Equalization of Rapidly Varying Channels with Antenna Arrays

Research in this project focuses on development and testing of efficient algorithms for:

  1. explicit modeling and estimation of rapidly varying communication channels, and
  2. the resulting self-recovering antenna receivers and equalizers in rapidly fading mobile battlefield scenarios (experimental evaluation is also to be performed on a testbed).

So far we have established that finitely parameterized basis expansions render single-input single-output (SISO) time-varying (TV) channels equivalent to multivariate time-invariant (TI) channels with inputs formed by modulating a single input with the bases. SISO-TV fading channels are of paramount importance both for commercial as well as for military communications because they capture phase noise, oscillator drifts, Doppler effects caused by relative motion between transmitters and receivers, and varying multipath propagation encountered with mobile wireless links in the battlefield. They cause time- and frequency-selective intersymbol interference (ISI) which has been traditionally modeled via random (Rayleigh or Rician) channels; however, by establishing links with existing physical channel measurements, we have shown that deterministic Fourier bases expansions are well motivated for modeling rapidly fading mobile communication channels when multipath propagation caused by a few dominant reflectors gives rise to (Doppler induced) linearly varying path delays. Our algorithms estimate Doppler frequencies blindly using cyclic statistics and determine the channel orders relying upon rank properties of a received data matrix. By complementing channel (or Doppler) diversity with temporal, or, spatial diversity (available with oversampling or multiple antennas), we have derived blind estimators of TV channels along with direct equalizers under with minimal (persistence-of-excitation) assumptions on the input and the bases. Two deterministic blind equalization algorithms have been derived: one determines the channels first and then the equalizers, whereas the other estimates the equalizers directly. The equalizers are time-invariant, multivariate, zero-forcing, and lend themselves to optimally weighted and adaptive extensions. We have also proved that exploitation of the input's whiteness reduces the amount of spatio/temporal diversity (only two sensors) needed to identify blindly TV channels and mitigate their effects using minimum mean-square error equalizers. Sensitivity to order and model mismatch have been studied briefly.

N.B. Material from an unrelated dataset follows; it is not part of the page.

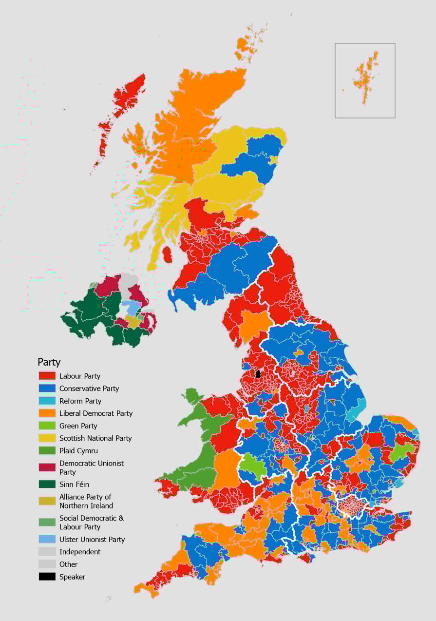In the rest of this blog I’ll share what I did with the data, and offer a few ways you can lean into a similar approach for your maps of whatever data you think might be suited to the techniques I’ll share. First, some background. The UK is split into 650 political constituencies. Political parties offer a candidate in each constituency, and the candidate who wins gains a ‘seat’, and becomes an MP (Member of Parliament) in the Houses of Parliament. Crucially, they score ‘one’ which is added to the party totals and the party that gains 326 is first-past-the-post and forms the new government. The leader of the party becomes the new Prime Minister. It’s quite common for many different parties to put forward candidates, and despite the main battle being almost always between the Conservative (right-leaning) and Labour (left-leaning) parties there are always constituencies that are won by other parties or Independent candidates. While the Conservatives are conventionally shown in blue, and Labour in red (the inverse of the typical US colour coding), the final map is often far more colourful than the US equivalent. Here, then is the standard map of the results from the July 4th General Election.

Work in progress on the algorithmic tasks of our project focuses on: performance analysis of the channel estimators especially when model perturbations due to synchronization effects and Doppler frequency drifts are present; exploitation of input redundancy in the form of time-varying precoding filterbanks, for estimating TV channels with antenna arrays;

Detailed exposition of our work in this project can be found in:

  1. G. B. Giannakis and C. Tepedelenlioglu, "Basis Expansion Models and Diversity Techniques for Blind Equalization of Time-Varying Channels," Proceedings of the IEEE, vol. 86, pp. 1969-1986, October 1998.
  2. H. Liu and G. B. Giannakis, "Deterministic approaches for blind equalization of time-varying channels with antenna arrays," IEEE Transactions on Signal Processing, vol. 46, no. 11, pp. 3003-3013, November 1998.
  3. A. Scaglione, S. Barbarossa, and G. B. Giannakis, "Self-recovering equalization of time-selective fading channels using redundant filterbank precoders," Proc. of Digital Signal Proc. Workshop, Bryce Canyon, Utah, August 9-12, 1998.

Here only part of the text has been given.